Would you please transcribe, exactly as written, the lines of the entries below starting at the one that holds "- Package Includes:6" and ending at the one that holds "Яйца взбить с", both included?

Available data =>

*** Block opens ***

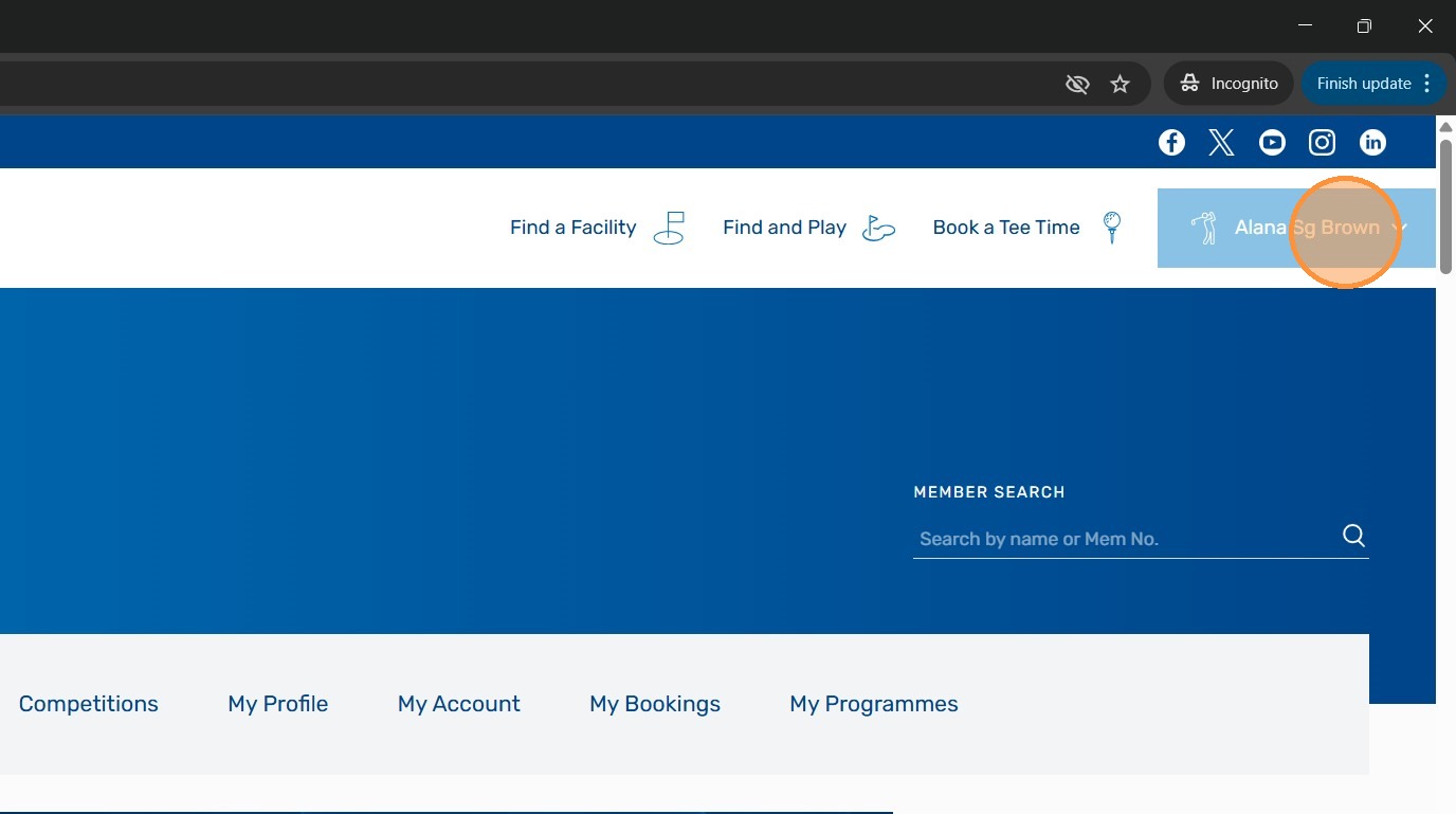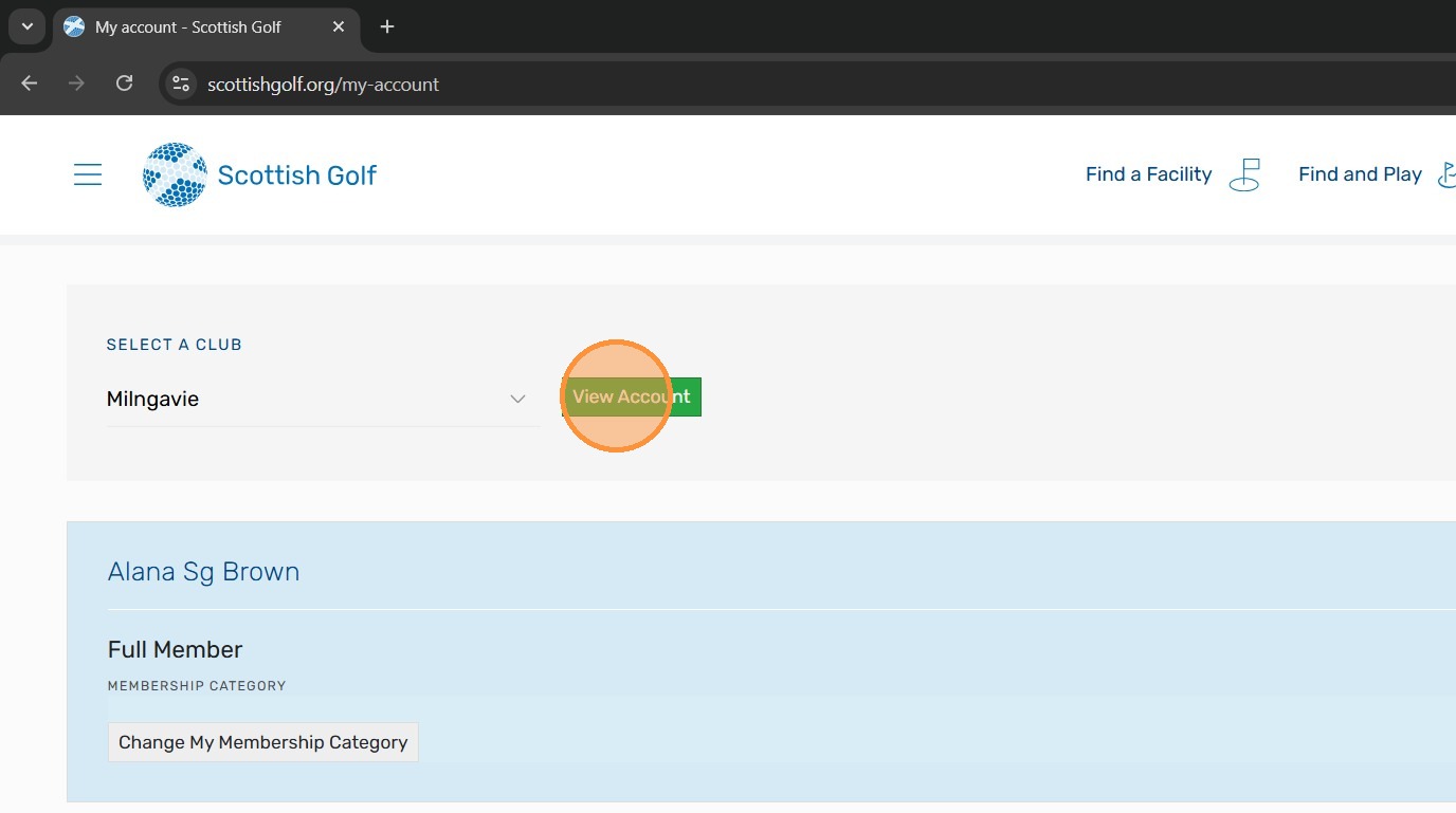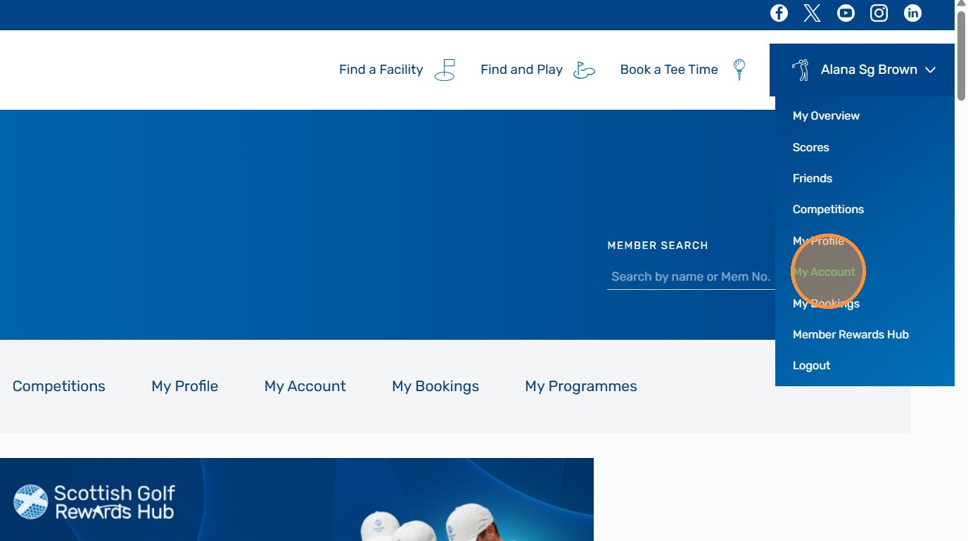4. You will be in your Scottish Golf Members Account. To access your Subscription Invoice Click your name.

*** Block closes ***
*** Block opens ***

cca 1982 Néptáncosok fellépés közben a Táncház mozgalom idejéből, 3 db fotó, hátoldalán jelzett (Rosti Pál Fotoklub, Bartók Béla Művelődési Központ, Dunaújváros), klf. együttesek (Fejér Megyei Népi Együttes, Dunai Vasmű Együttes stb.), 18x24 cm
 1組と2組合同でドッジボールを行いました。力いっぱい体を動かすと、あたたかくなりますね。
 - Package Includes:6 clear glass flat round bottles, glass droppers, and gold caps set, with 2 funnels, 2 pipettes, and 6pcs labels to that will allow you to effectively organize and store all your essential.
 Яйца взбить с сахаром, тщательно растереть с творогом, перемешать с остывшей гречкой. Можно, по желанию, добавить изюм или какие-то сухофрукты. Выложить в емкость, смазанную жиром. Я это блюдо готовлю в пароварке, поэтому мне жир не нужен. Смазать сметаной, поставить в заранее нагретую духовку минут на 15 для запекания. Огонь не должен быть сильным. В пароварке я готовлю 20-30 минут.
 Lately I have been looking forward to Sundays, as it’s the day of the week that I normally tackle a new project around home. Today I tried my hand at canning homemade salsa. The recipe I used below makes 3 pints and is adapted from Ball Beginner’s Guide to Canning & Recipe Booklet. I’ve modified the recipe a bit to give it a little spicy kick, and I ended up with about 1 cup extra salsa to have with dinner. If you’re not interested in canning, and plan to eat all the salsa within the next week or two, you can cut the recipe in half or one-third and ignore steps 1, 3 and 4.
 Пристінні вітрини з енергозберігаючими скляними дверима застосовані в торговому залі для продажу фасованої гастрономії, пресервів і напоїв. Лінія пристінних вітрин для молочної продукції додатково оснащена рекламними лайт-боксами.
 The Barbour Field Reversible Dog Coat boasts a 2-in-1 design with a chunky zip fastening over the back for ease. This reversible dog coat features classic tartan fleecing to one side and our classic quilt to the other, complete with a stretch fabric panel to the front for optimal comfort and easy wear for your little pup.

*** Block closes ***

Response to the exercise =>
 - Package Includes:6 clear glass flat round bottles, glass droppers, and gold caps set, with 2 funnels, 2 pipettes, and 6pcs labels to that will allow you to effectively organize and store all your essential.
 Яйца взбить с сахаром, тщательно растереть с творогом, перемешать с остывшей гречкой. Можно, по желанию, добавить изюм или какие-то сухофрукты. Выложить в емкость, смазанную жиром. Я это блюдо готовлю в пароварке, поэтому мне жир не нужен. Смазать сметаной, поставить в заранее нагретую духовку минут на 15 для запекания. Огонь не должен быть сильным. В пароварке я готовлю 20-30 минут.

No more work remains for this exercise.